Entering edit mode
14 months ago
MaeBH
•
0
Hi everyone, very new to bioinformatics
I have a SNP datasheet (.vcf) that I tried to make a PCA graph with using Rstudio (vcfR package) and it gave me interesting clustering. I then tried to filter the dataset using vcftools in Linux terminal (missing data: 0.80; MAF=0.05) and the PCA still has weird straight arms and low % variance explained
Just wondering a couple things:
- what might be causing this?
- how to get rid of it?
- would this affect downstream analysis?
Any help would be greatly appreciated
Could you better describe your data? How many variants would you left with if you remove all the missing sites?

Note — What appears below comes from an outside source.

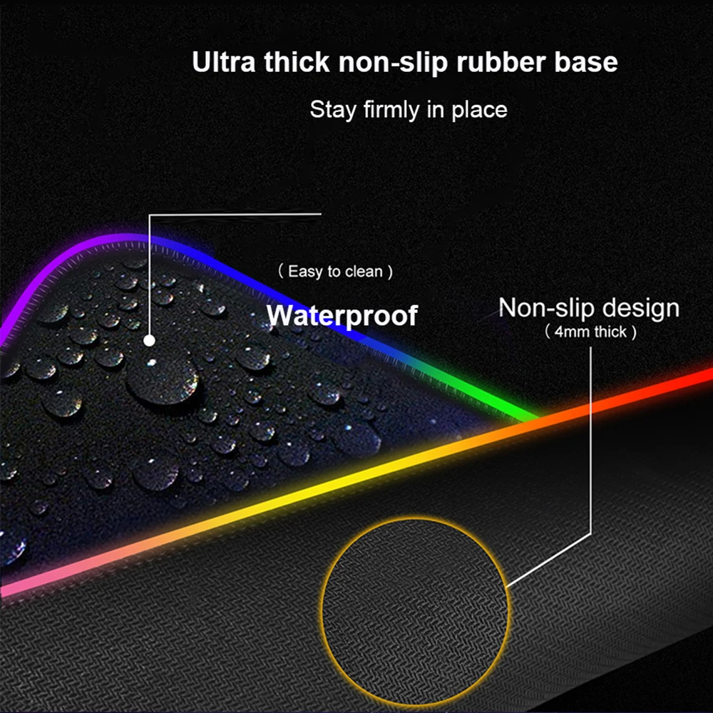 5.Size: RGB LED mouse pad 29x25cm 30x60 cm 30x70 cm 30x80 cm 30x90 cm 40x90 cm
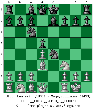 Last move : 0-1 2007 December 28 15:47:55 [Event "FICGS__CHESS__RAPID_B__000078"] [Site "FICGS"] [Date "2007.12.08"] [Round "1"] [White "Block,Benjamin"] [Black "Moya,Guillaume"] [Result "0-1"] [WhiteElo "1800"] [BlackElo "1499"] 1.e4 e5 2.Nf3 Nf6 3.Nxe5 d6 4.Nf3 Nxe4 5.d4 d5 6.Bd3 Nc6 7.O-O Be7 0-1 Petrov : Classical attack Kingside Castling by player White (move 7) Player Black won this chess game. Follow this game move after move (download)If you aren't afraid of Spassky, then I have removed the element of money. (Jim Slater) Gewöhnliche Menschen denken nur daran, wie sie ihre Zeit verbringen. Ein intelligenter Mensch versucht, sie auszunutzen. (Arthur Schopenhauer) Siempre es mejor sacrificar los hombres de tu oponente. (Savielly Tartakower) Je menace de comprendre la position. (Anonyme) The quality of decision is like the well-timed swoop of a falcon which enables it to strike and destroy its victim. (Sun Tzu)

Is this sequencing data? In that case you should also filter for read depths and genotype qualities.
Hi thank you both for your responses :)
Yes, this is sequencing data (de novo ddRADseq). The data is from diploid plant material sampled across a landscape. Each population is a family comprised of a maternal plant and her progeny
Initial attributes: (shown in PCA above)
Have now filtered the data using the following criteria using vcftools: (Missing data: 0.80 ;MAF-0.5 ;minGQ: 0.9 ;minDP: 10)
It seems like an improvement but variant count dropped drastically :? What is making it drop so much?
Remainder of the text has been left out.